== Provided data
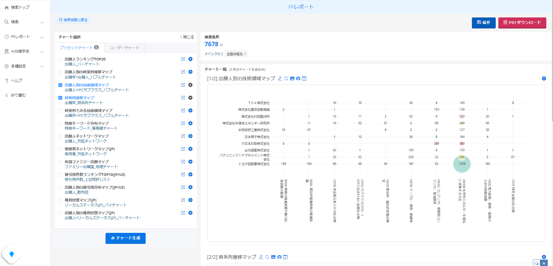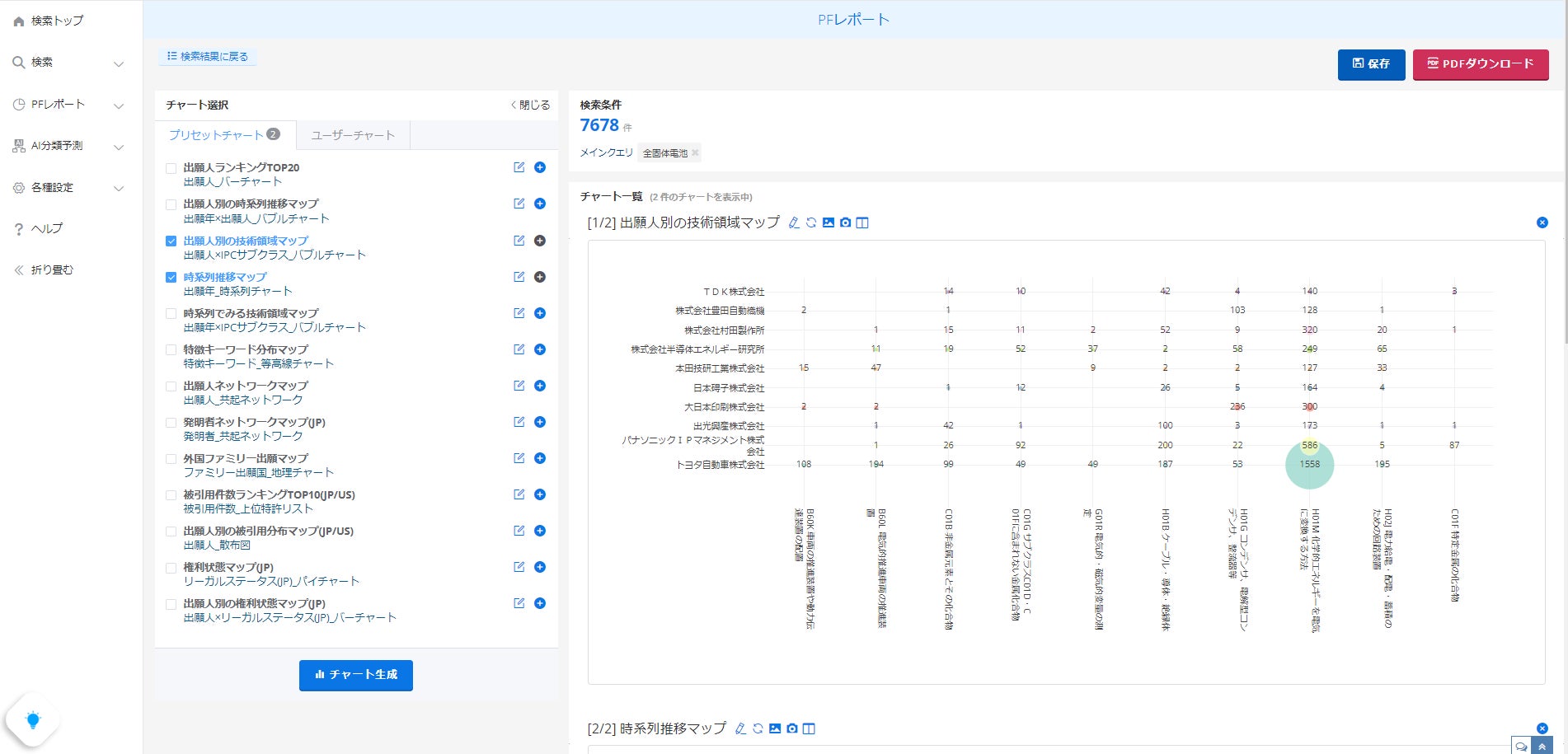 PFレポートは、複数グラフを同時表示することで、より効率的に多角的な特許分析が可能となります。
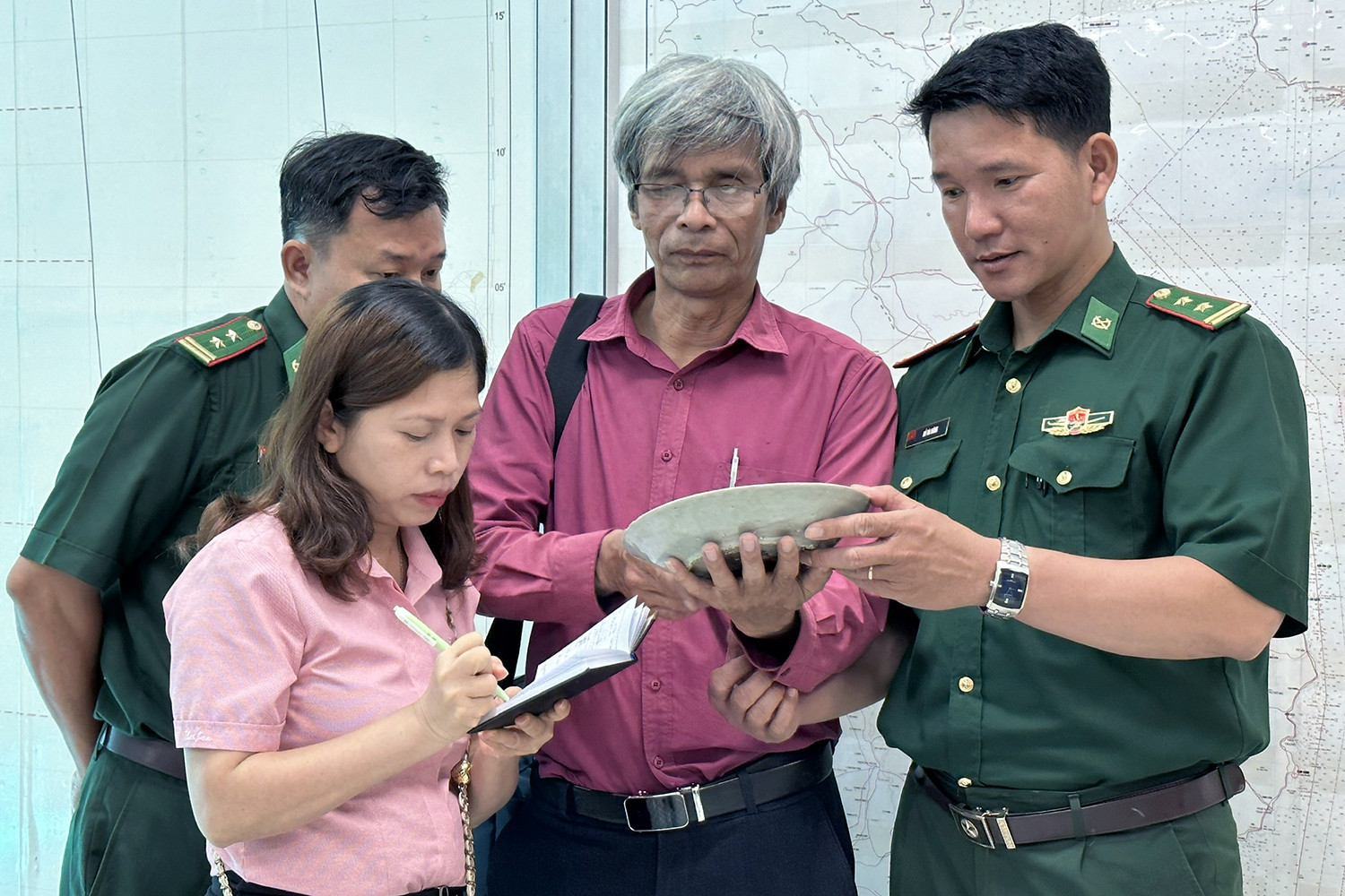 Ngày 23/5, Bộ Chỉ huy Bộ đội Biên phòng Quảng Ngãi phối hợp Bảo tàng tổng hợp tỉnh kiểm tra các đồ vật là gốm sứ đã được phát hiện trên tàu cá của ngư dân khai thác trái phép tại khu vực biển ven bờ xã Bình Hải, huyện Bình Sơn.
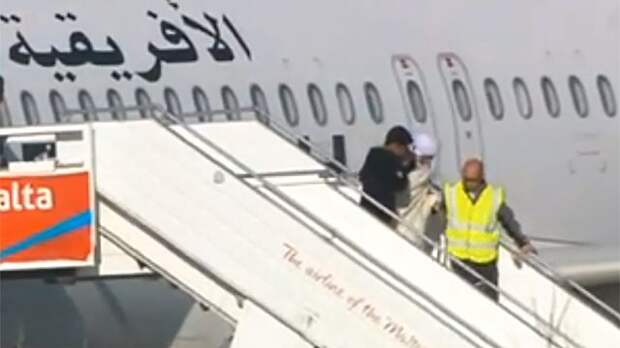 СМИ публикуют видео вывода заложников из захваченного пассажирского ливийского самолета, который приземлился на Мальте.
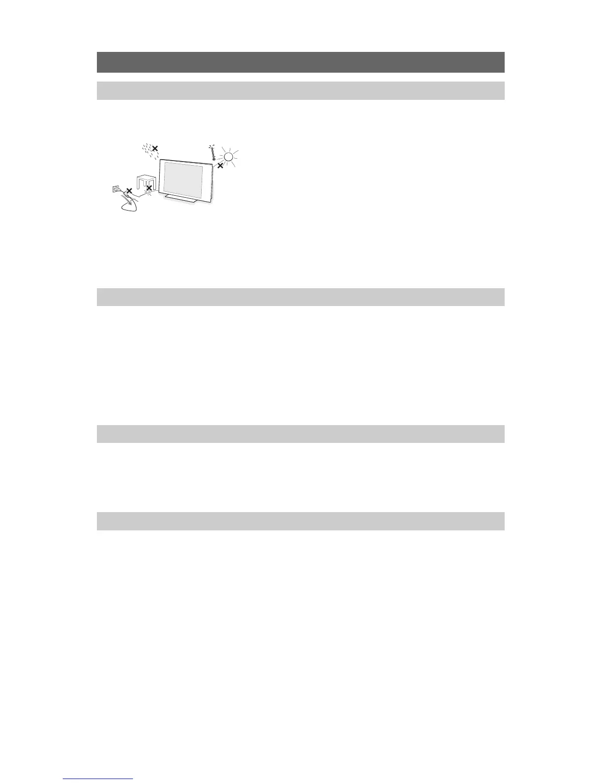 • Avoid heat, direct sunlight and exposure to rain or water.
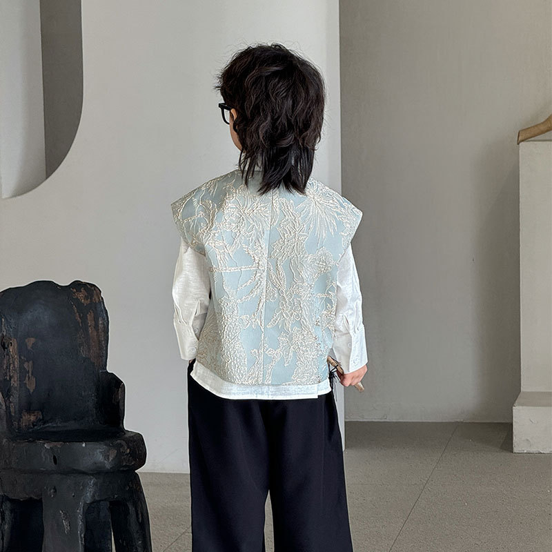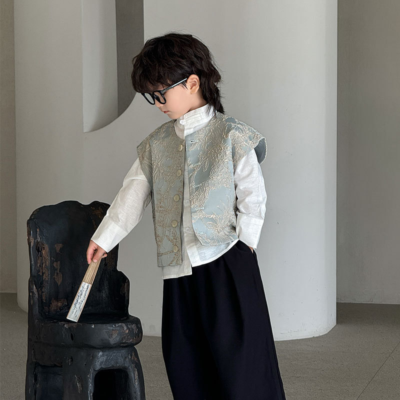 民族演出服潮 秋冬新中式 汉服男童新款 中国风儿童马甲礼服套装
====
● Exercise objective:
The entries are to be written out again exactly, without their pictures.

● Result:
 PFレポートは、複数グラフを同時表示することで、より効率的に多角的な特許分析が可能となります。
 Ngày 23/5, Bộ Chỉ huy Bộ đội Biên phòng Quảng Ngãi phối hợp Bảo tàng tổng hợp tỉnh kiểm tra các đồ vật là gốm sứ đã được phát hiện trên tàu cá của ngư dân khai thác trái phép tại khu vực biển ven bờ xã Bình Hải, huyện Bình Sơn.
 СМИ публикуют видео вывода заложников из захваченного пассажирского ливийского самолета, который приземлился на Мальте.
 • Avoid heat, direct sunlight and exposure to rain or water.
 民族演出服潮 秋冬新中式 汉服男童新款 中国风儿童马甲礼服套装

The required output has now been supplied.